The detailed architecture and training dynamics are presented in the figure below.

The network f is decomposed into an encoder E and a classifier C. The authors introduce a learnable pruning mask M applied to the encoder's parameters. Specifically, for each structural component (e.g., a neuron or filter) i in the encoder, a masking parameter mi is learned. The output hi is modified as:
h^i=hi⋅1{m^i≥0.5}, with m^i=σ(τmi)where σ(⋅) is the sigmoid function and τ is a temperature parameter annealed to zero during training. This gating mechanism enforces confidence in the pruning decision, where mi<0 indicates pruning and mi≥0 indicates preservation.
To optimize the mask, the authors define a composite objective function J that balances task performance and bias reduction:
J(y^,y,b^,b)=Lr(y^,y)+γI(b^,b)The first term, Lr(y^,y), is a reweighted cross-entropy loss. To counteract the prevalence of bias-aligned samples in Dtrain, the contribution of bias-conflicting samples is amplified by assigning weights inversely proportional to their group sizes. The second term, I(b^,b), estimates the mutual information between the predicted bias b^ and the true bias b. This is achieved by attaching an auxiliary classifier Caux to the bottleneck representation z^, as seen in the architecture diagram. The auxiliary head is trained to predict b from z^, and minimizing I(b^,b) ensures the latent representation contains less information about the bias attribute.
The training process involves an iterative loop where the mask parameters {mi} and the auxiliary classifier Caux are updated jointly. The temperature τ is annealed periodically to sharpen the mask decisions. Once the temperature drops below a threshold τmin, the final binary mask is extracted, yielding a pruned subnetwork that is robust to the spurious correlations present in the original training data.
Experiment
- Main experiments across BiasedMNIST, Corrupted-CIFAR10, CelebA, Multi-Color MNIST, and CivilComments validate that BISE extracts subnetworks with higher unbiased accuracy than vanilla dense models, effectively mitigating spurious correlations even under strong bias.
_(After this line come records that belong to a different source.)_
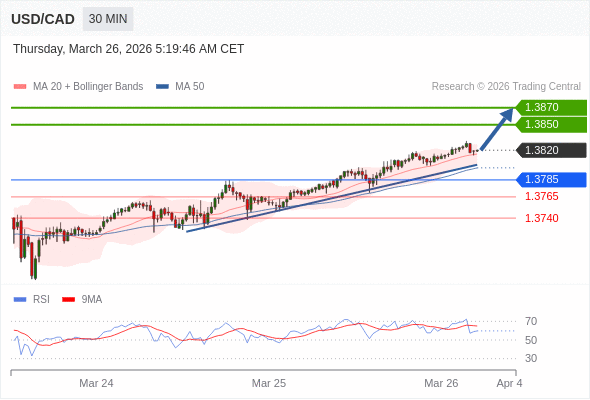 在 1.3785 之上,看涨,目标价位为 1.3850 ,然后为 1.3870 。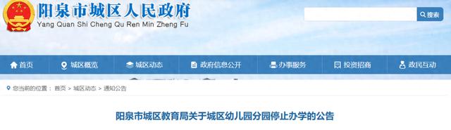 根据《中华人民共和国学前教育法》第三十一条、《幼儿园管理条例》第十二条等相关法律法规,经阳泉市城区幼儿园申请、城区教育局审核同意,终止城区幼儿园分园(阳泉市南大街59号)办园资格,相关事宜予以公告如下: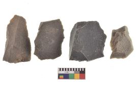| Description / विवरण | There are n-4 of utilized flake cores. There are multidirectional irregular dominant scar pattern on both dorsal and ventral face of the cores. |

- Comparative studies demonstrate that BISE outperforms other debiasing approaches and random or magnitude-based pruning by identifying unbiased substructures without requiring retraining of the original parameters.
- Ablation studies confirm that the mutual information term in the loss function is critical for achieving high sparsity and reducing the retention of bias-related features, while the method shows low sensitivity to hyperparameter variations.
- Experiments in unsupervised settings and under noisy bias labels show that BISE remains competitive and robust, successfully extracting improved subnetworks even without ground-truth bias information.
- Analysis of latent representations indicates that the pruned subnetworks make bias features harder to predict, confirming a reduction in bias reliance, though performance is limited when biases are extremely severe or multiple biases interact without subsequent finetuning.